Three aspects of the behavior of sd clones in the wing blade are consistent with the hypothesis that reduction in normal Sd:Vg function also influences
cell affinity. (1) In the few instances in which relatively large sd
clones were recovered, they tended to be more rounded than their wild-type twins.
(2) Over a quarter of the sd clones recovered in the wing pouch were associated with multiple wild-type 'twin' clones.
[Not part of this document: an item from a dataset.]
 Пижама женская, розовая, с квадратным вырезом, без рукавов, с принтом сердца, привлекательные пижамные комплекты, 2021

Although
in some cases this may occur fortuitously, it is also
suggested that affinity differences with surrounding wild-type
cells could force independent mutant clones into a coherent patch. (3) sd clones tend to be located farther from the D-V boundary than their wild-type twins. Differential location between mutant and wild-type twins has also been observed in the wing for shaggy mutant clones and in the abdomen for patched and smoothened mutant clones, and in both cases it has been hypothesized to derive from differences in cell affinity (Liu, 2000).
While previous studies have emphasized the autonomous
requirement for vg in wing development, these results make
clear that this autonomous requirement is restricted to the
wing blade and that Sd:Vg has an additional, nonautonomous
role in promoting the development of the wing hinge.
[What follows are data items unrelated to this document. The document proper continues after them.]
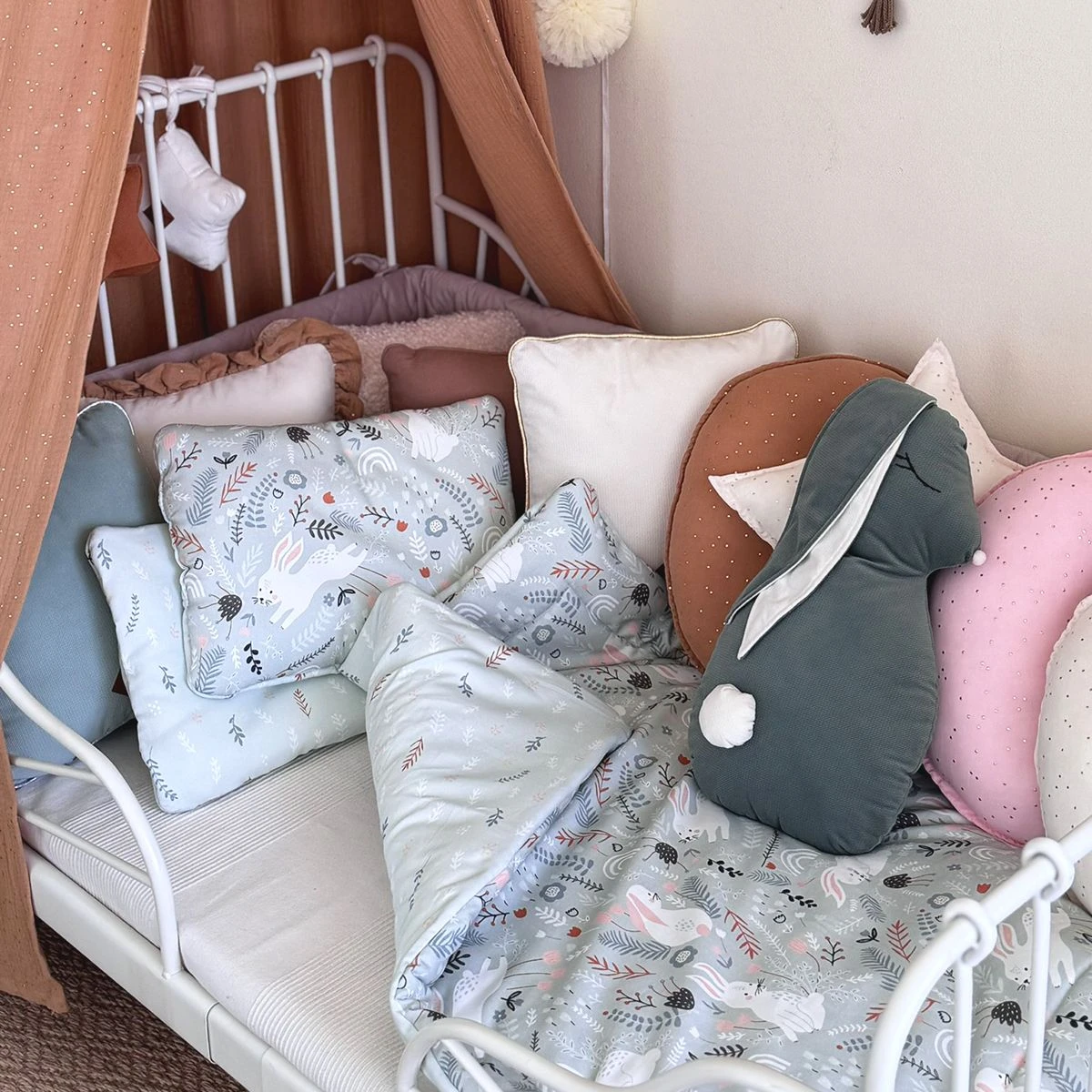 The duvet and pillow were manufactured using top-quality materials to ensure comfortable and safe sleep for your baby. The duvet and pillow are two-sided and made with two 100% cotton fabrics in varied colours. The inner part of the duvet and pillow contains hypoallergenic, fluffy silicone filling that ensures warmth and breathability. The two-sided colour scheme is the reason why this set will never be boring. You can change the interior arrangement of your child’s room.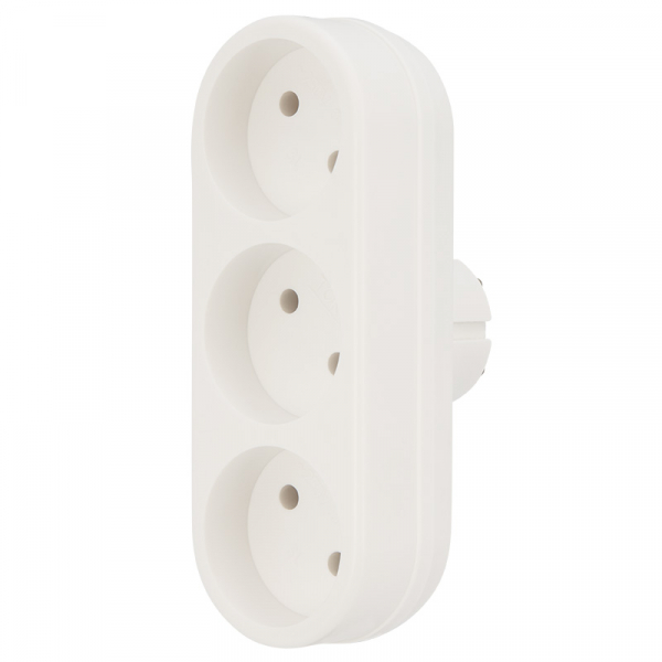 Тройник электрический линейный 6-10 А без заземления белый REXANT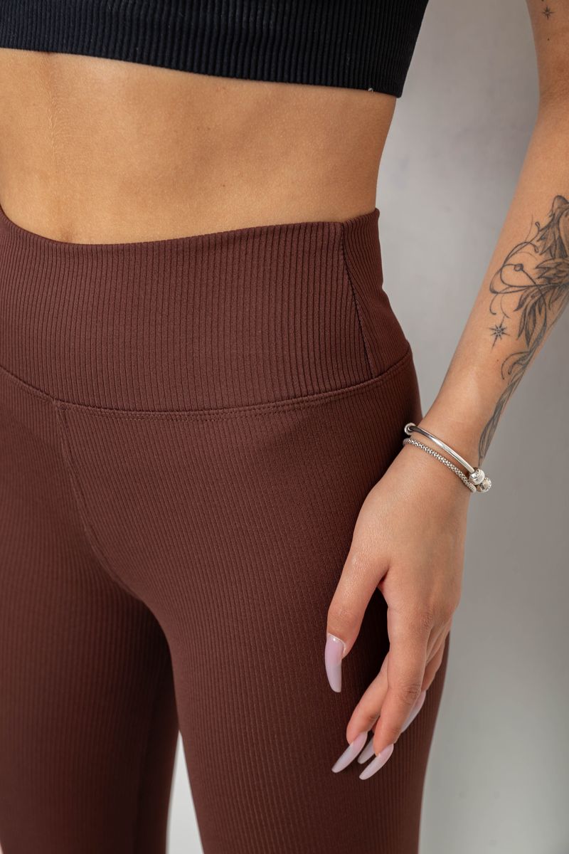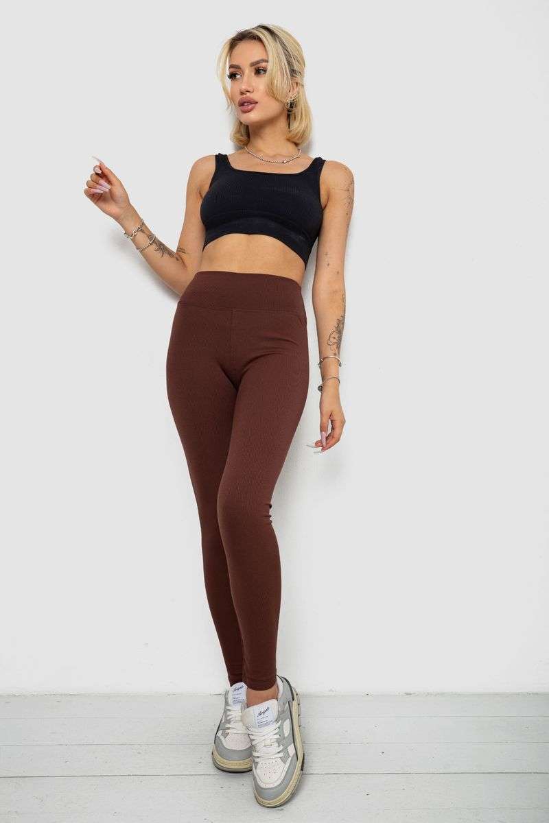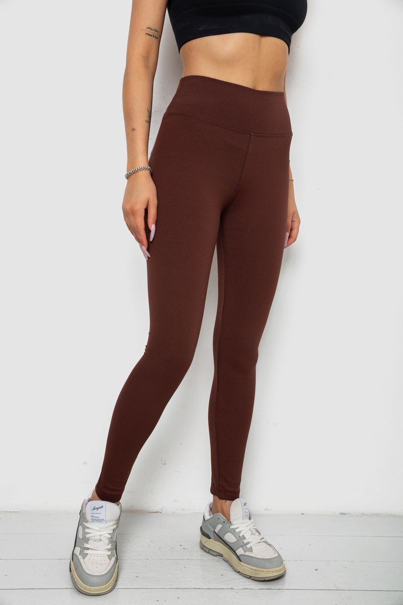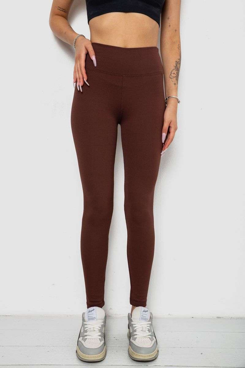 Лосины однотонные в рубчик утепленные на флисе, цвет шоколадный, 238R605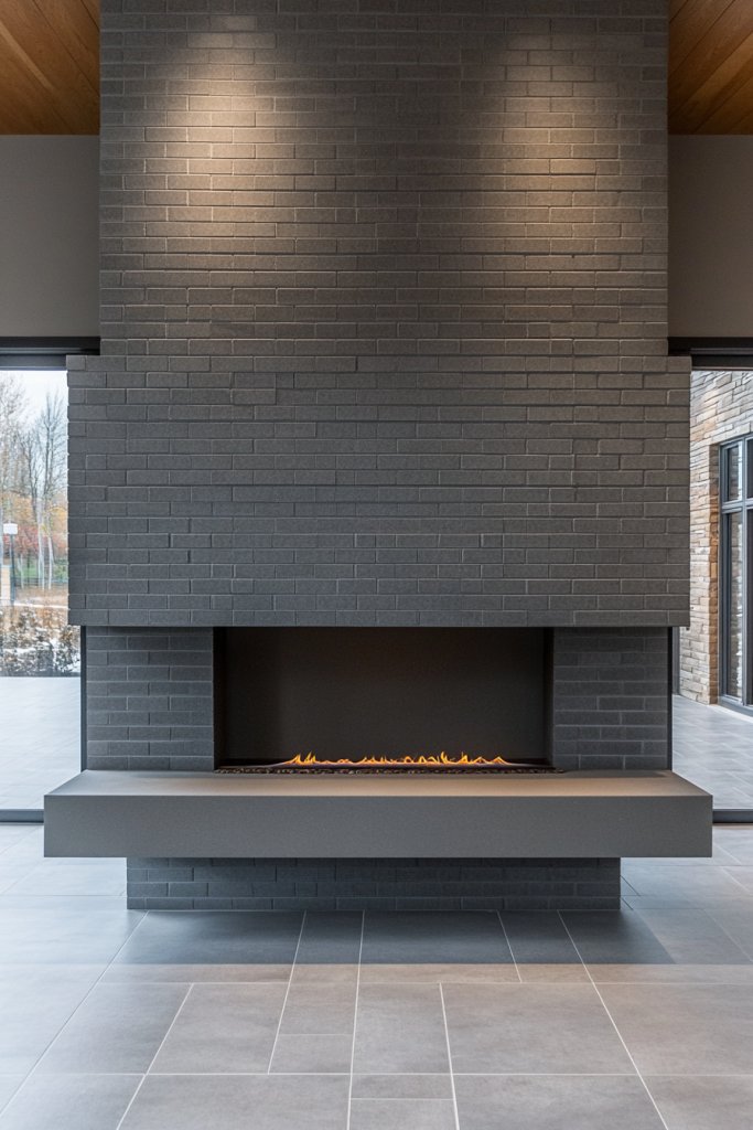 Looking for a fireplace design that adds height and elegance without taking up too much floor space? A tall, narrow gray brick fireplace emphasizes verticality, making your room feel taller and more refined. It’s a chic solution for modern apartments or rooms with limited width.

Null alleles of vg delete the wing blade and most, or
sometimes all, of the wing hinge. Even when vg mutant animals retain some hinge tissue, a significant amount of tissue is deleted proximal to
the inner Wg expression ring. However, by
making clones of cells mutant for sd, it was found that
Sd:Vg is autonomously required only distal to the inner
Wg expression ring. Similarly, clones of cells that
are mutant for a null allele of vg grow normally in the
notum, but fail to grow in the wing. The precise border where vg is autonomously required maps to the edge of detectable Vg expression. This places the border distal to the inner Wg expression ring. Altogether, these results suggest that Sd:Vg is required nonautonomously for normal development of the wing
hinge. Indeed, clones of cells ectopically expressing Vg
frequently reorganize the patterning of surrounding tissue
in the wing hinge. This reorganization is
visible through changes in the expression of Wg and Nubbin,
as well as changes in the folding of the disc epithelia. These
studies, along with reports on the function and
regulation of hth in the hinge, lead to a model for the regulatory
interactions between wing hinge and wing blade (Liu, 2000).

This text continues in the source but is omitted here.